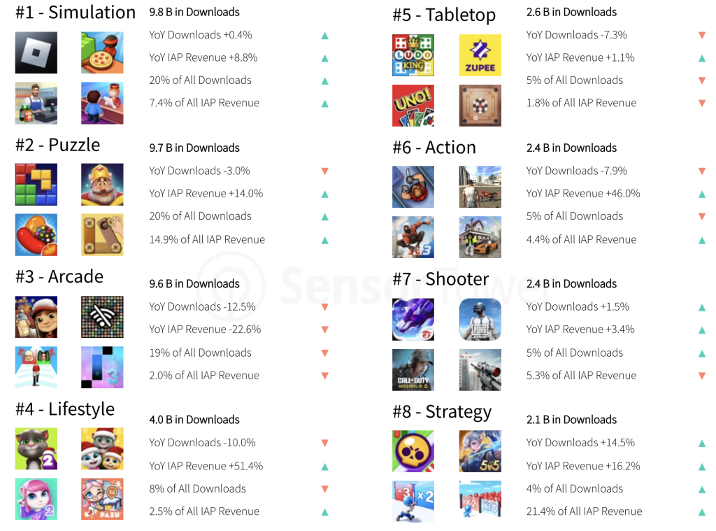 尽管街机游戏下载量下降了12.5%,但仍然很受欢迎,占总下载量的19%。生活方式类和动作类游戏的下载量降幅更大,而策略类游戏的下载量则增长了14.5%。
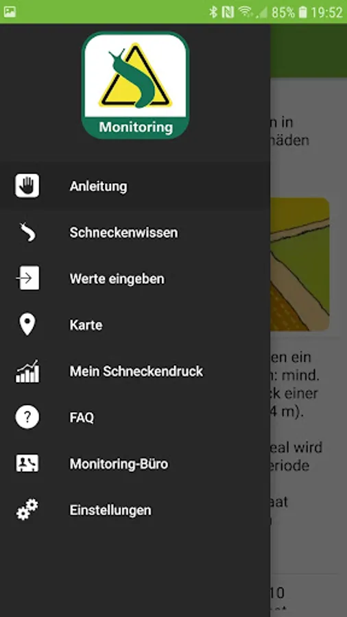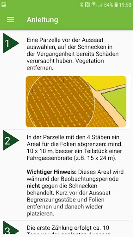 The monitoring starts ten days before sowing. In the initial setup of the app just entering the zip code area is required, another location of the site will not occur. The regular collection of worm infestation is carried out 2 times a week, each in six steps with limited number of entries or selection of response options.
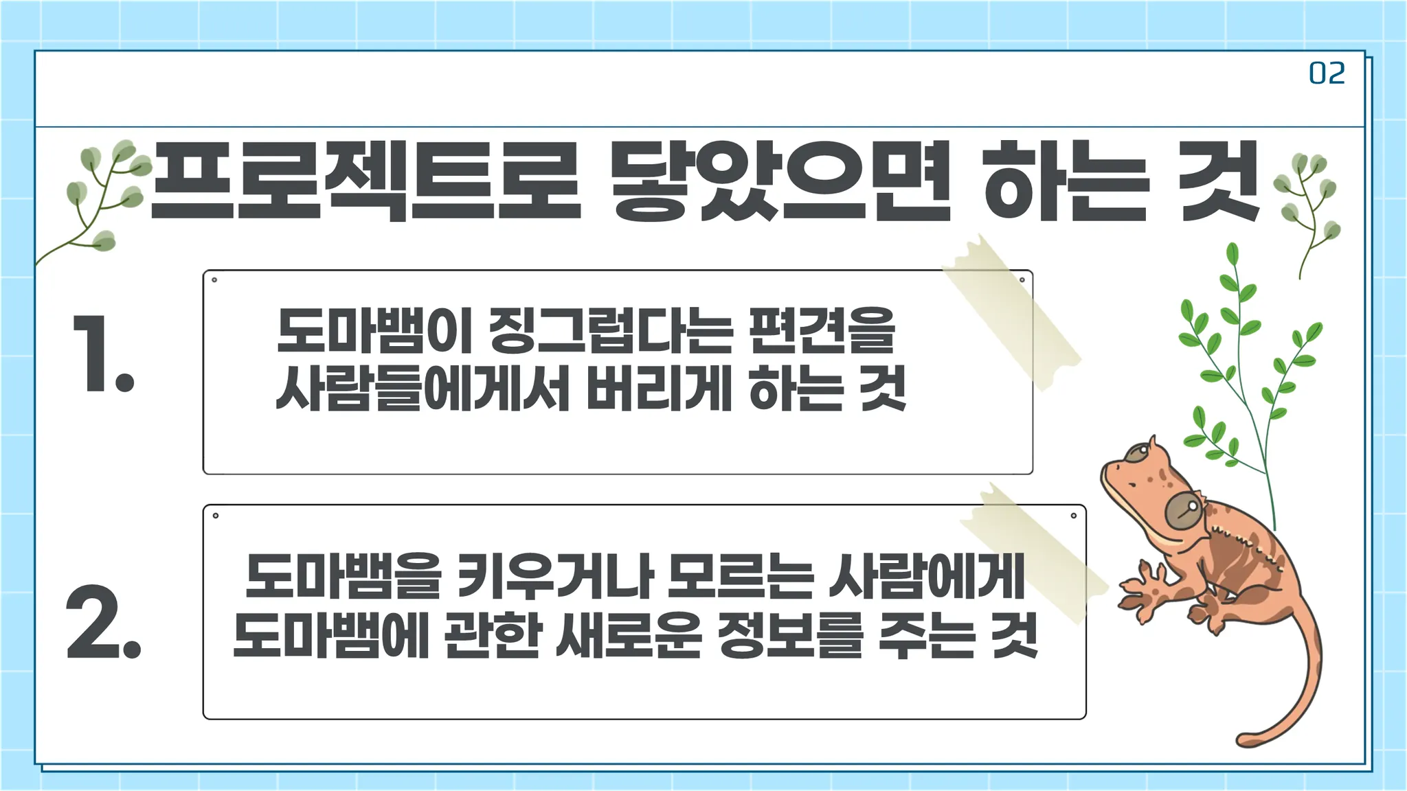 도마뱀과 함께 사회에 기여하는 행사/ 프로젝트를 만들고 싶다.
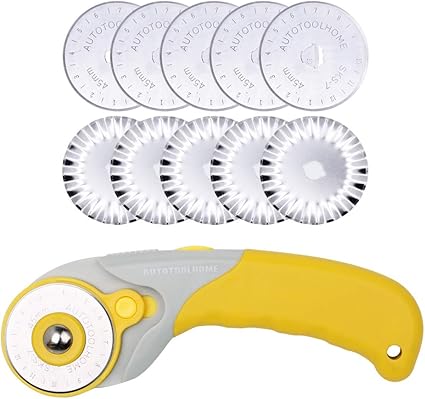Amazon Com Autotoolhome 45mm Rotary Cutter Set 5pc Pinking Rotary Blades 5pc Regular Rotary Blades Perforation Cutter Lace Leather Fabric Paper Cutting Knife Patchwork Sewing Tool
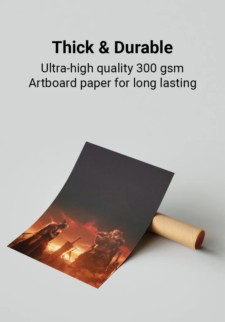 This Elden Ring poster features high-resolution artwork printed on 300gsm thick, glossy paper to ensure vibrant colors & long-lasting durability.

• • • • •

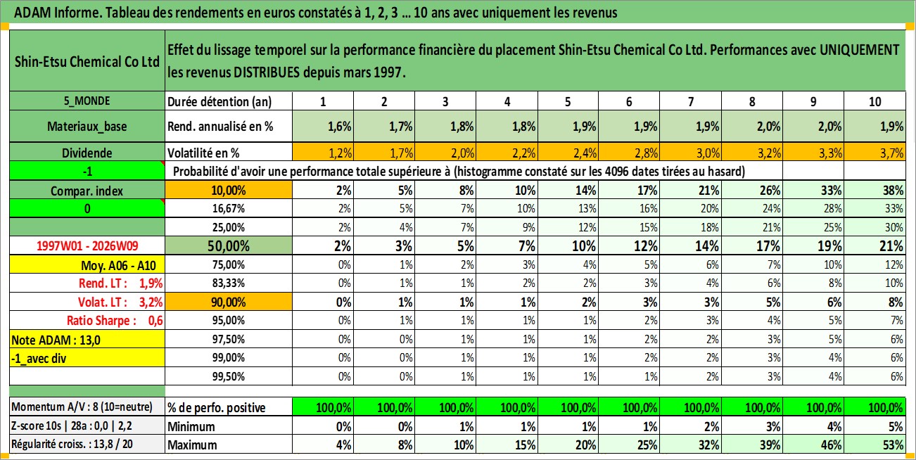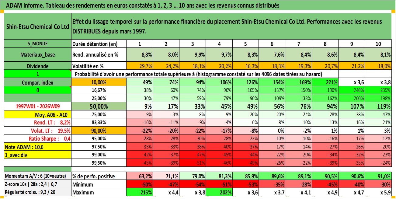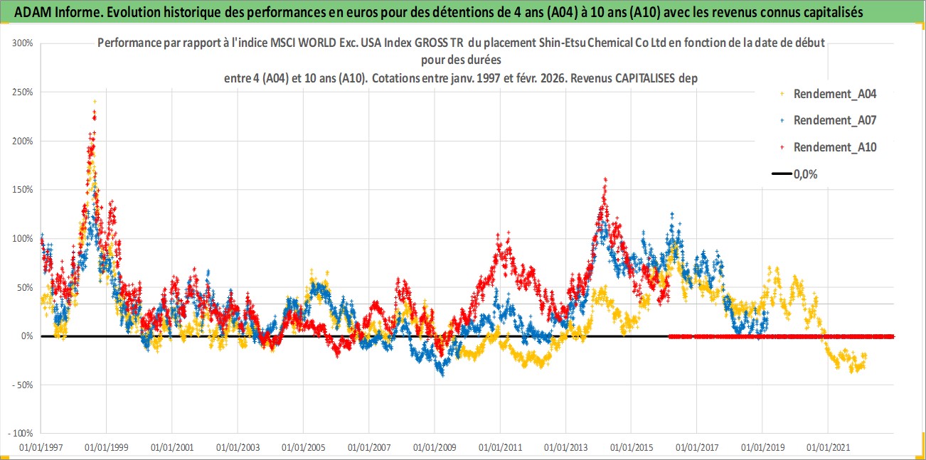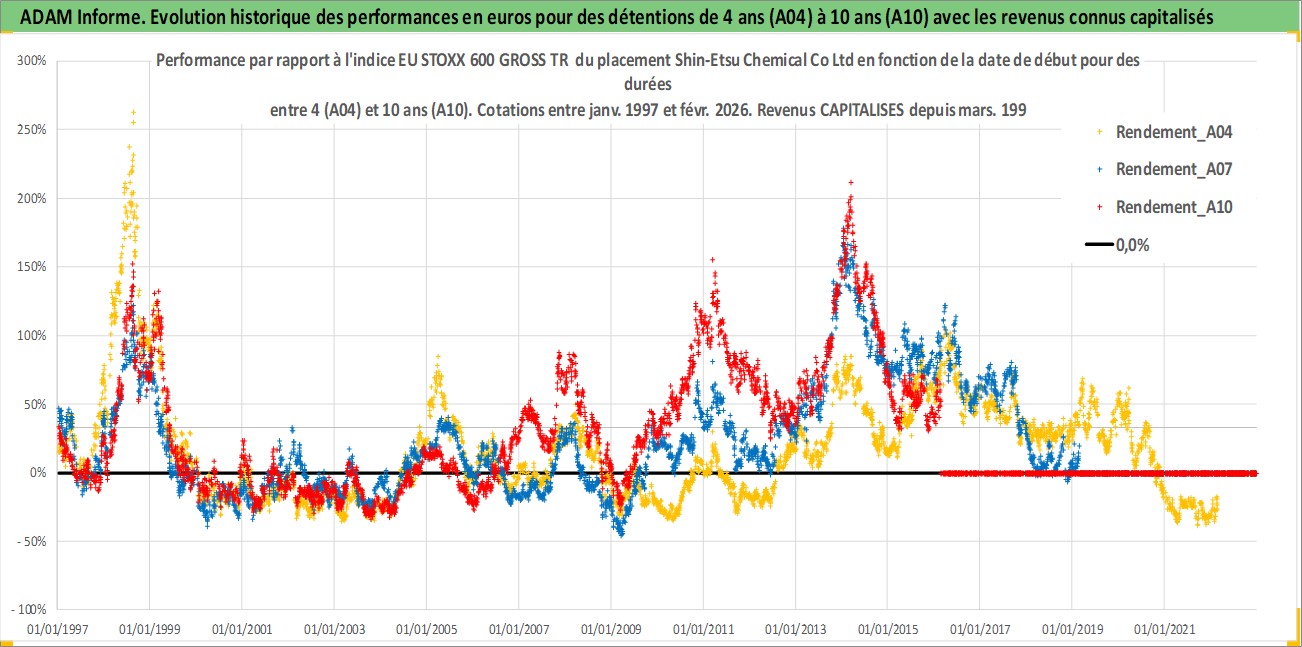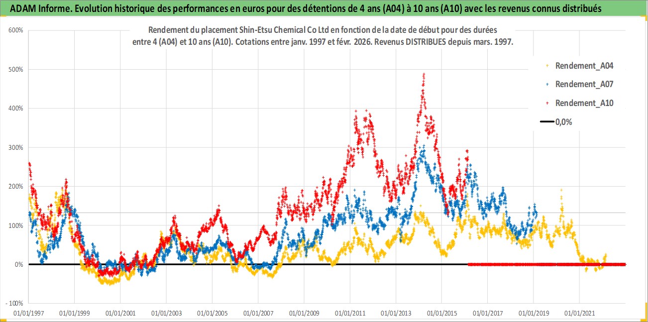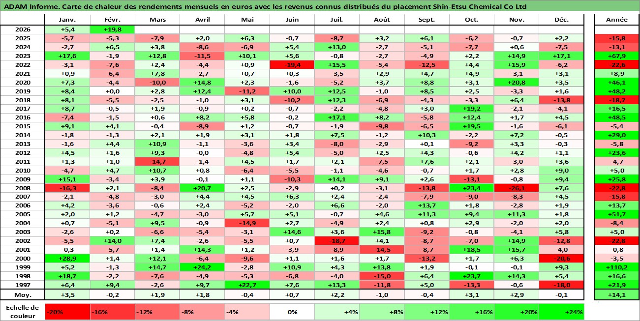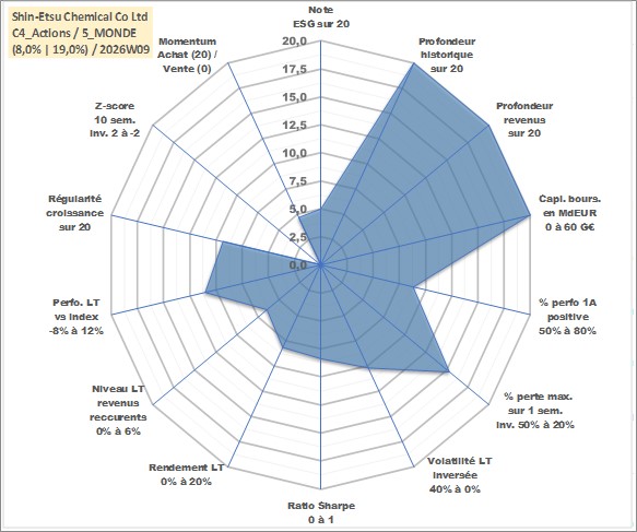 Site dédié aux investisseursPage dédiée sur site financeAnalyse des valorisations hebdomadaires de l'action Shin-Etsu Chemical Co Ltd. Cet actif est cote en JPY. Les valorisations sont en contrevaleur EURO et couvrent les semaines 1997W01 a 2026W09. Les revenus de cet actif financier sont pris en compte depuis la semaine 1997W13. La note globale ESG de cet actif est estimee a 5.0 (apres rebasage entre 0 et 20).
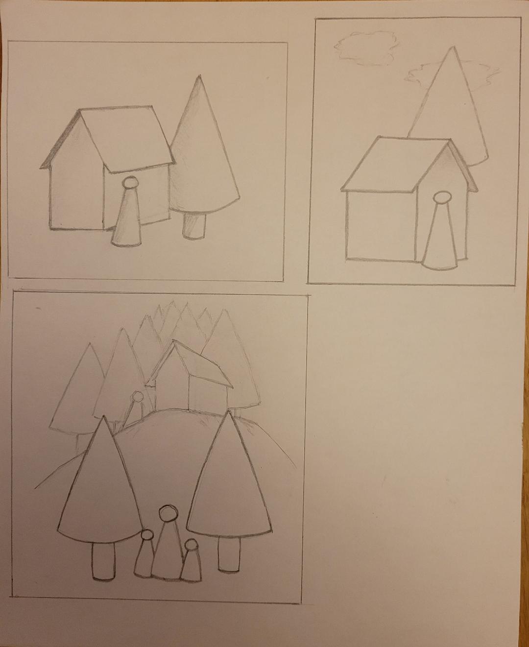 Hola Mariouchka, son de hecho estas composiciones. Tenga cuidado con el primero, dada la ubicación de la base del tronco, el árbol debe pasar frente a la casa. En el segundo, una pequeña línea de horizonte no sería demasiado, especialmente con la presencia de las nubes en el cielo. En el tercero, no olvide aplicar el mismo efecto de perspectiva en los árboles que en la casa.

• • • • •

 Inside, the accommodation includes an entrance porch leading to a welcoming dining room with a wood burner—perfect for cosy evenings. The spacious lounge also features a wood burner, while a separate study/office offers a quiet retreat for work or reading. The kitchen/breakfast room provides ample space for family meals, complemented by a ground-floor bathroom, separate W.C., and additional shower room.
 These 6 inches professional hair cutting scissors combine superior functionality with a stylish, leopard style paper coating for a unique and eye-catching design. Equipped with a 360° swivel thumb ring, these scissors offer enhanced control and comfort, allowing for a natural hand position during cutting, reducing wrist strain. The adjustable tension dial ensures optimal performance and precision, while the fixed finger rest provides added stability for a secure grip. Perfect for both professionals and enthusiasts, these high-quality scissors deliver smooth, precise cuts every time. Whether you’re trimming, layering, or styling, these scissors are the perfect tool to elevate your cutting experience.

• • • • •

- _WORK TASK_:
Exactly the lines starting at the one above with "Amazon Com Autotoolhome" and ending at the one with "This Elden Ring" should be printed, and nothing else. Omit the pictures.

- _YOUR SOLUTION_:
Amazon Com Autotoolhome 45mm Rotary Cutter Set 5pc Pinking Rotary Blades 5pc Regular Rotary Blades Perforation Cutter Lace Leather Fabric Paper Cutting Knife Patchwork Sewing Tool
 This Elden Ring poster features high-resolution artwork printed on 300gsm thick, glossy paper to ensure vibrant colors & long-lasting durability.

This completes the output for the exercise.